- [Source material]
* * * *
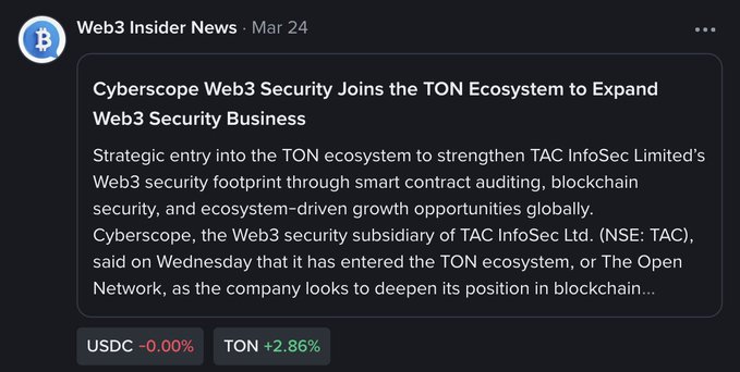 Cyberscope is now part of the @ton_blockchain ecosystem, strengthening our presence across high-growth Web3 networks. It marks another step in our focus on helping serious builders scale with stronger security foundations. Read more here via @binance: binance.com/en/square/post/305...… #TON #Web3Security
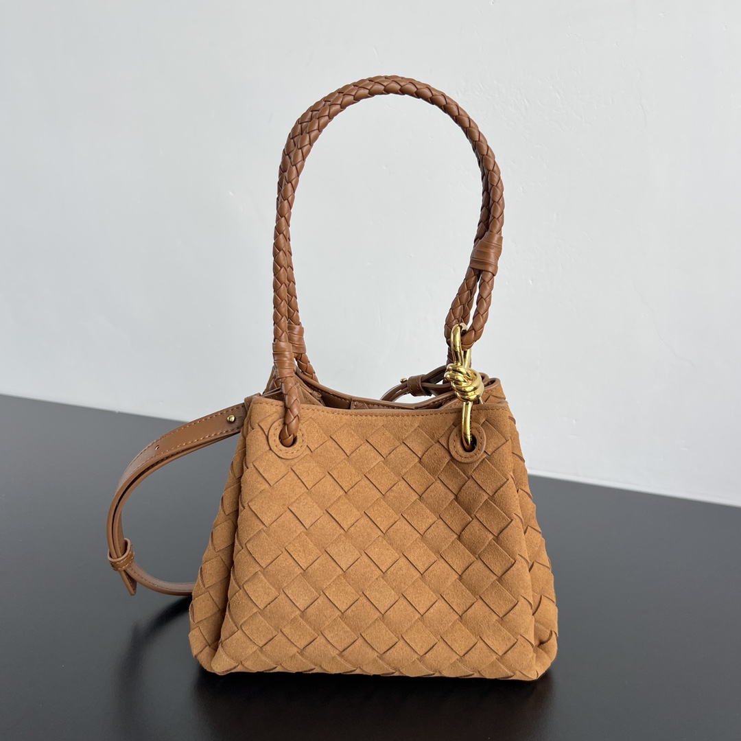 보테가베네타 스몰 안디아모 인트레치아토 스웨이드 탑핸들 숄더백
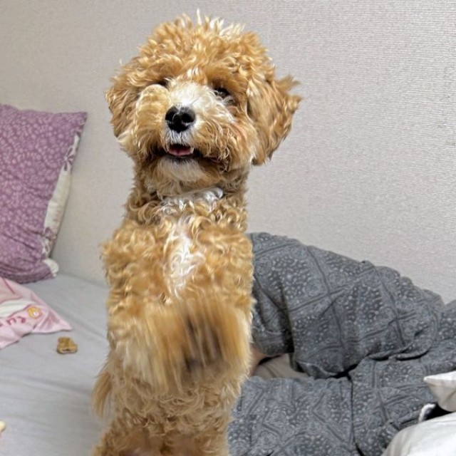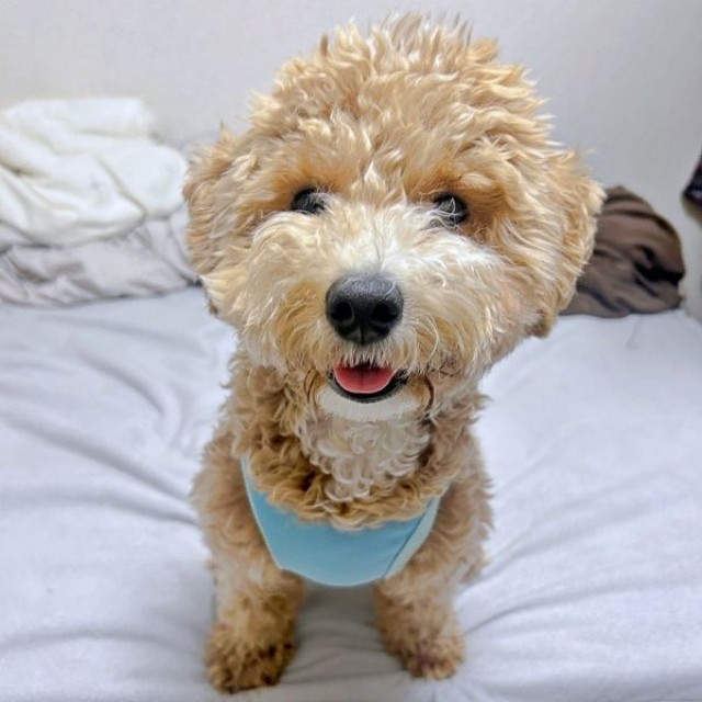 「最近は、お散歩が上手になりました! 以前は常にリードが張っている状態だったのですが、だいぶ慣れて余裕が出てきたのかご機嫌に歩いています。ただ、はまだまだパピーらしく、やんちゃで暴れん坊です」
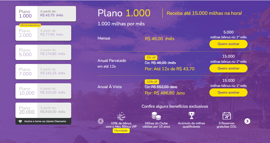 Veja um exemplo para quem é assinante do Clube Smiles Plano 1.000:
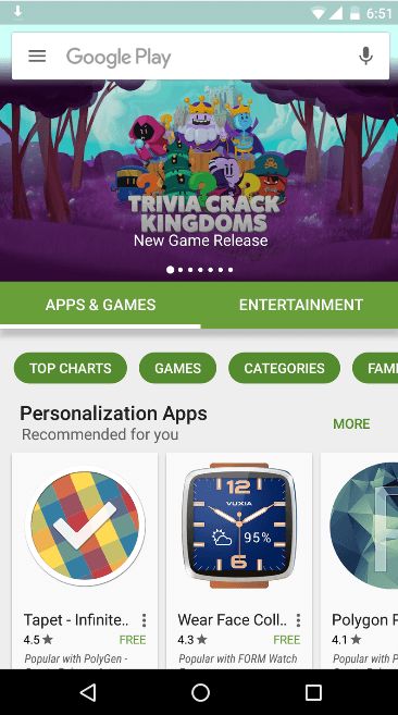 หน้าตาของ Play Store เวอร์ชั่นใหม่
* * * *
- [What the exercise asks] Write the listing out in full, exactly; no images.

- [The answer]
 Cyberscope is now part of the @ton_blockchain ecosystem, strengthening our presence across high-growth Web3 networks. It marks another step in our focus on helping serious builders scale with stronger security foundations. Read more here via @binance: binance.com/en/square/post/305...… #TON #Web3Security
 보테가베네타 스몰 안디아모 인트레치아토 스웨이드 탑핸들 숄더백
 「最近は、お散歩が上手になりました! 以前は常にリードが張っている状態だったのですが、だいぶ慣れて余裕が出てきたのかご機嫌に歩いています。ただ、はまだまだパピーらしく、やんちゃで暴れん坊です」
 Veja um exemplo para quem é assinante do Clube Smiles Plano 1.000:
 หน้าตาของ Play Store เวอร์ชั่นใหม่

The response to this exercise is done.